Discussion in 'Economics' started by piezoe, Apr 2, 2013.

  1. piezoe


    This is an outstandingly clear presentation of Keynes', The Chicago School's, and Marx's economic perspectives placed in the context of today's British and American economies. This will be of great interest to the many amateur "economists" posting on ET. The question and answer period that follows is equally enlightening. This speech was given in 2010, but is just as applicable in 2013.

  2. deucy28


    Thanks piezoe.

    I was going to ask you after I saw it was an hour and a half long, what are the biggest (very biggest) take-aways from the speech and Q & A. But that would be burdensome.

    Rather, can you make a succinct statement as to the particular significance of the presentation for us on ET (obviously us with an interest in economics).

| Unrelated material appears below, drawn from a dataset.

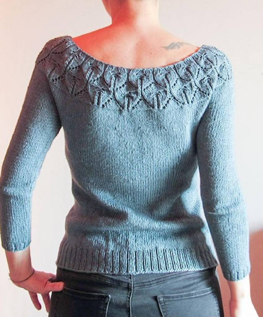 Легко будет вязаться узор с углами вроде треугольников или листочков. Слишком ажурная кокетка будет просвечивать, поэтому под ней потребуется дополнительный слой одежды.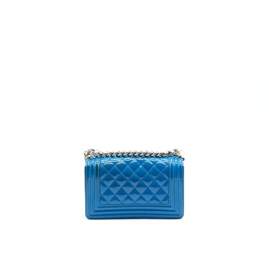 CHANEL SMALL LE BOY BAG IN PATENT LEATHER BLUE SHW

    And what was the agenda of the presentation ?

    Thanks again !
  3. guy talking seems very liberal. -skip
  4. piezoe


    deucy,there is so much of value and insight in Skidelsky's lecture at the London School of Economics that I simply can't do it justice with even an extensive summary. His talk was a masterful synthesis of twentieth century western hemisphere economics. Only someone with Skidelski's broad experience and deep knowledge of the history of economic thought could so clearly lay out the similarities and differences of the main schools of economic thinking that grew out of, followed, and now supersede the classical economics of Adam Smith. And too, his presentation is entertaining. Certainly worth an hour of anyone's time who has the least interest in economics. I would urge you to bookmark the link and go to it whenever you can spare the time. You won't regret it, I promise.

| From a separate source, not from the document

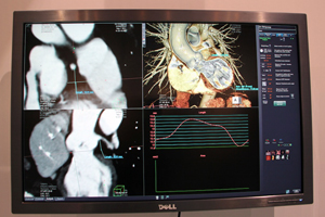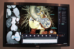経カテーテル的大動脈弁置換術(TAVI)における術前のプランニングを行うアプリケーションソフトである。TAVIでは,正確で安全性の高い手技を行うために術前の画像情報が求められているが,CT画像では大動脈弁の動きを正確に把握することが難しかった。“TAVI計測シミュレーション”では,実際に大動脈弁にROIをおいて4Dで再生することで,設定したROIの位相による変化を大きさや弁の円周などをダイナミックに計測することが可能である。PhyZiodynamicsの技術を用いて,10位相のCTの時系列データから大量の位相データ(今回は35位相)に補完することで,弁の動きの追従や計測,変化を動きとグラフで把握することができる。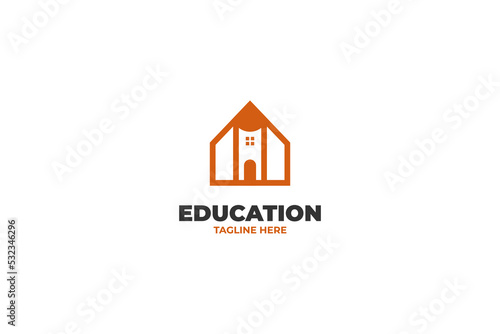 Flat pencil with home logo design vector template

    I'll simply mention a few things that pop up in his presentation to whet your appetite. Skidelsky says that in the 50's through the 70's we had Capital, Labor, and Government, but now we have only Capital. This is brilliant insight that I have never heard expressed so clearly. During the 1950's through the 1970's wages grew with productivity, but now we find productivity growing and wages stagnating, or even declining. In his talk he mentions and comments on Keynes, Friedman, Marx, Stiglitz, Krugman, Greenspan, and I think Volker too, I can't remember for sure. Oh, and Bernanke also. His contrasting of Keynes with the Chicago School is very interesting. (I never could figure out whether Friedman was joking when he said he was a Keynesian. Now, after listening to Skidelsky, I think I understand in what sense Friedman meant that.) Anyway please do listen to the full lecture. You won't be sorry.
  5. deucy28


    Done your way ! I will.

    Thanks for your response. It was of the nature I was looking for from you. Thank you for that effort. He appears from your response to be a text book wired for sound, albeit from one man's perspective.

    I am not nearly so deep into the science as yourself or others. But I DO like it. More importantly, it gives me some refuge from political-speak so I can be my own judge of the BS'ers and demagogues. It also allows me to understand current events better as relates to money, finance, our national finance, and international finance, etc. which influences what I do for myself in response to it.

    "...influences myself in response to it." That means within small, intermediate, and long time scales, each time frame has measures of potentially large and significant consequence to me personally. For instance, mixed with a decently accurate understanding of social and political dynamics (trends and current events), it can create imperatives to act with decisions that are life-style altering. Do I sell off my domestic real estate investments (including my residence !) and shift personal capital into an alternative/s. Do I invest more overseas than domestically ? DO I CONTINUE TO LIVE IN THE U.S. OR OVERSEAS ? Do I split my life half in the U.S. and half overseas ?

    The right amount and right quality of information can be powerful as affects our personal lives. If all citizens of any nation that has the ability to elect leaders had this, arguably they would elect better leaders for themselves. The science of scarcity is at the heart of all of this.